- Born: November 28, 1961 (age 64) Woodbridge, Connecticut, U.S.
- Occupations: Film director, screenwriter, producer
- Spouse: Laurie Sandell ​(m. 2018)​
- Father: George Mostow

= Jonathan Mostow =

American film director, screenwriter and producer

Jonathan Mostow (born November 28, 1961) is an American film director, screenwriter, and producer. He has directed films such as Breakdown (1997), U-571 (2000), Terminator 3: Rise of the Machines (2003), and Surrogates (2009).

==Early life==
Mostow was born in Woodbridge, Connecticut. His father George Daniel Mostow was a mathematician, and his mother is a social worker. He graduated from Harvard University. He also trained at the American Repertory Company and the Lee Strasberg Institute. He grew up in a Conservative Jewish household.

==Career==
In 1989, Mostow directed a direct-to-video horror comedy, Beverly Hills Bodysnatchers.

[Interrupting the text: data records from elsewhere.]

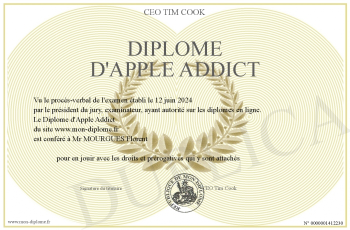 Envoyez par email votre Diplôme d'Apple Addict personalisé
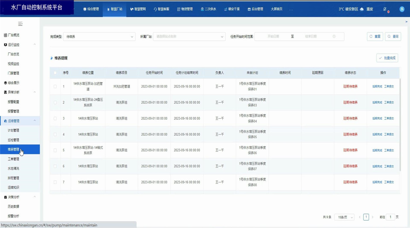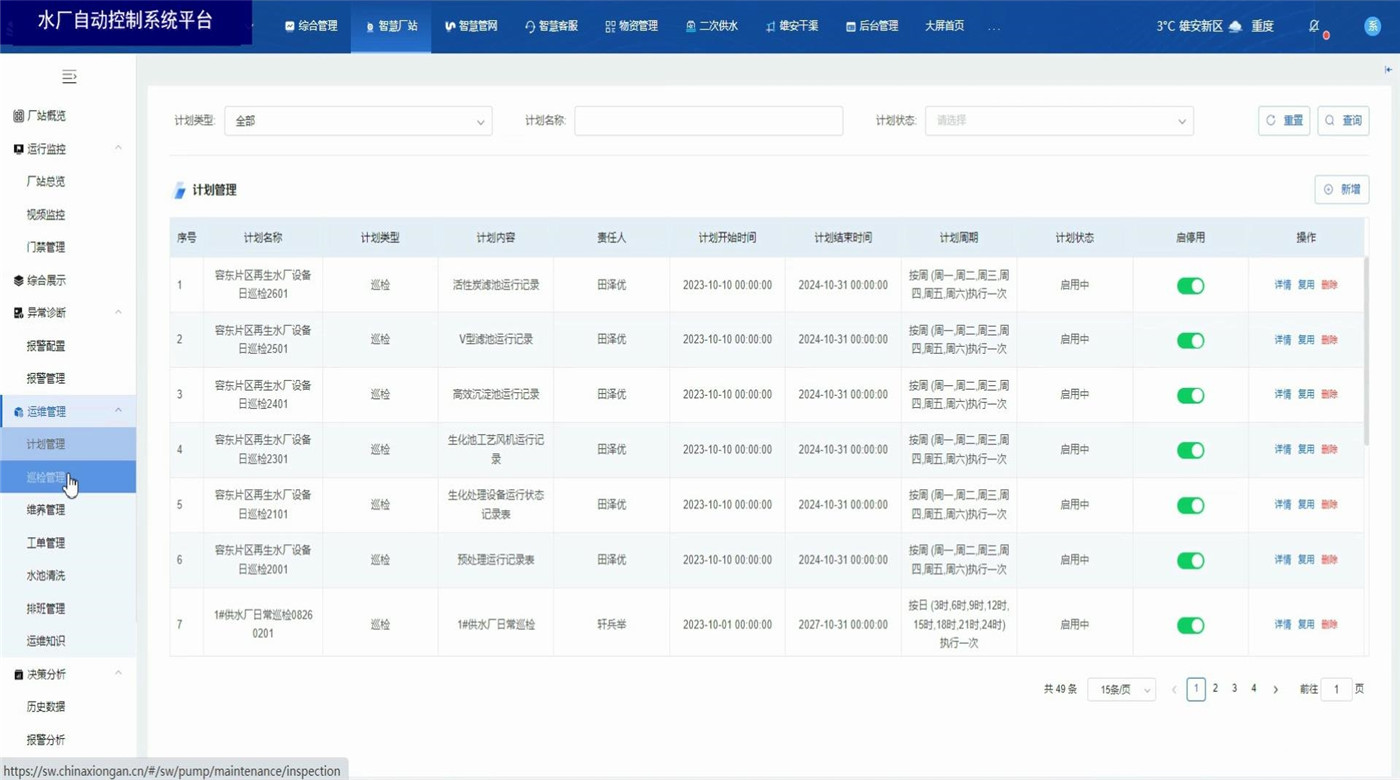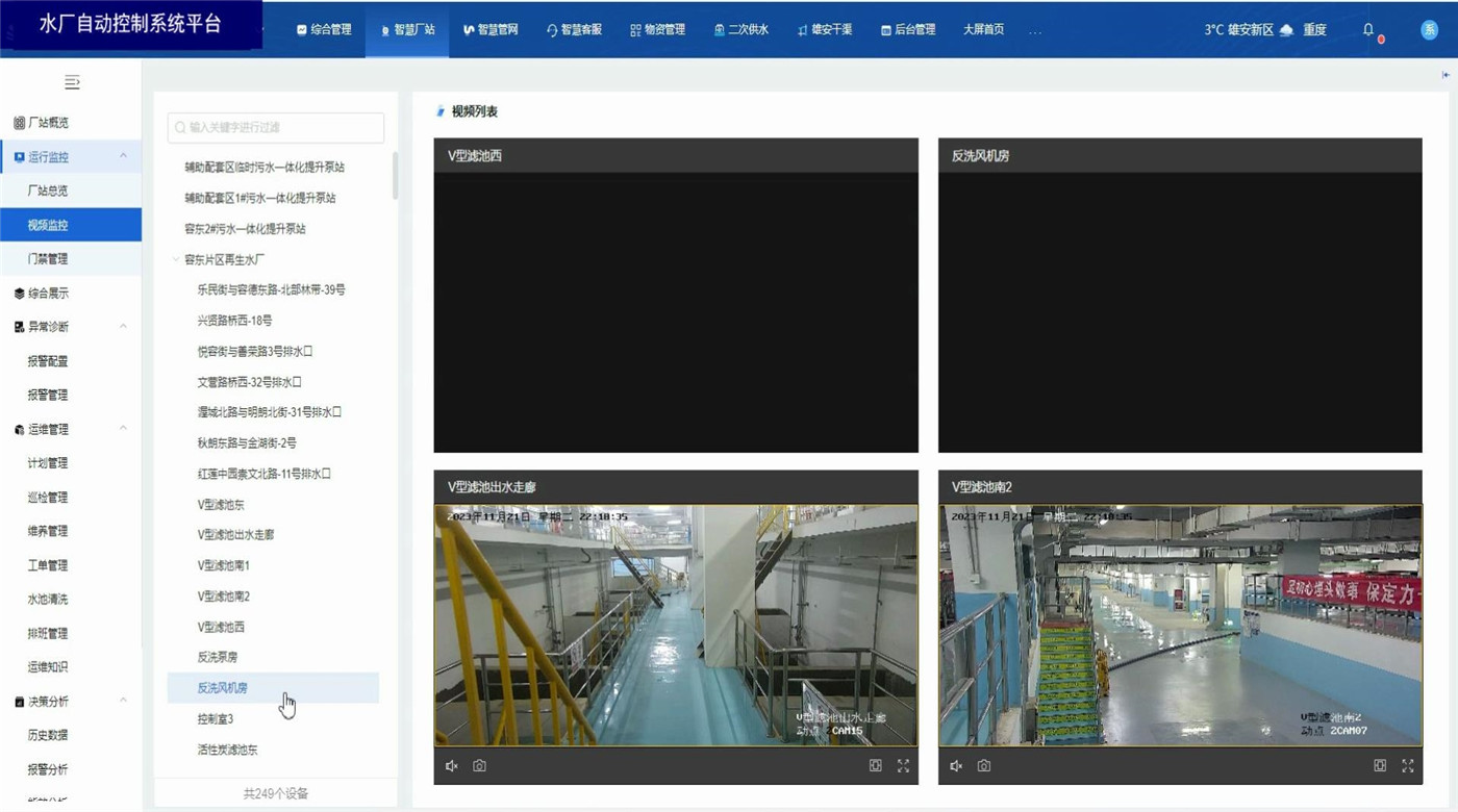 水厂自动控制系统平台基于B/S结构(浏览器、服务器模式),通过在电脑上使用浏览器登录平台账号,即可实时监控厂站运行数据和相关图表报告。同时具备视频监控、门禁管理,异常数据报警,厂站巡检、设备定期养护功能。具备设备地图定位显示,历史监测数据信息的查、下载和统计分析。利用智能算法评估实时监测数据,在管网异常情况下及时进行风险报警。
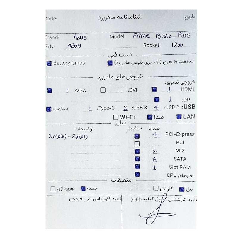مادربرد ایسوس ASUS Prime B560 Plus استوک
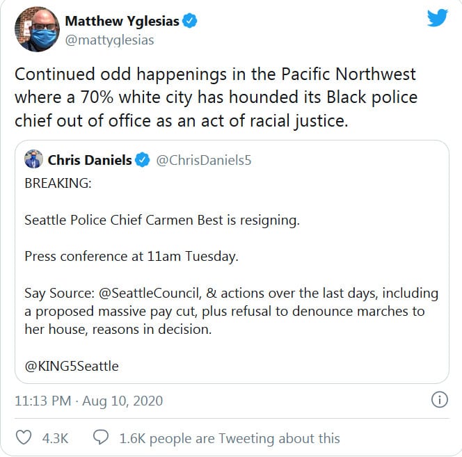 And of course: ‘Warmongering egg’ Matt Yglesias dragged by blue-check libs for 100% accurate take on the Seattle police chief.
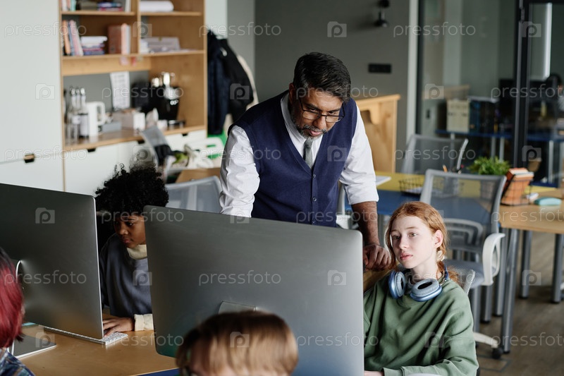 Учитель помогает девочке во время урока

Mostow was originally attached to direct The Game (1997), with Kyle MacLachlan and Bridget Fonda for the lead roles. However, he ended up being an executive producer after David Fincher came on to direct. In 1997, he directed Breakdown, a thriller film starring Kurt Russell. Around the same time, he signed a deal with Universal Pictures. Both Mostow and Lieberman received a TV deal, via his Mostow/Lieberman Productions company to Studios USA.

In 2000, Mostow directed a World War II-era submarine film, U-571. He assembled a cast including Matthew McConaughey, Bill Paxton, Harvey Keitel, TC Carson, and Jon Bon Jovi. The film topped the U.S. box office chart.

In 2003, Mostow directed the third installment of the Terminator film series, Terminator 3: Rise of the Machines, which starred Arnold Schwarzenegger.

Mostow co-wrote a comic book series, The Megas, with John Harrison. Illustrated by Peter Rubin, it was published on Virgin Comics in 2008.

Mostow returned to direct another film, Surrogates, in 2009. Based on the comic book series, it starred Bruce Willis.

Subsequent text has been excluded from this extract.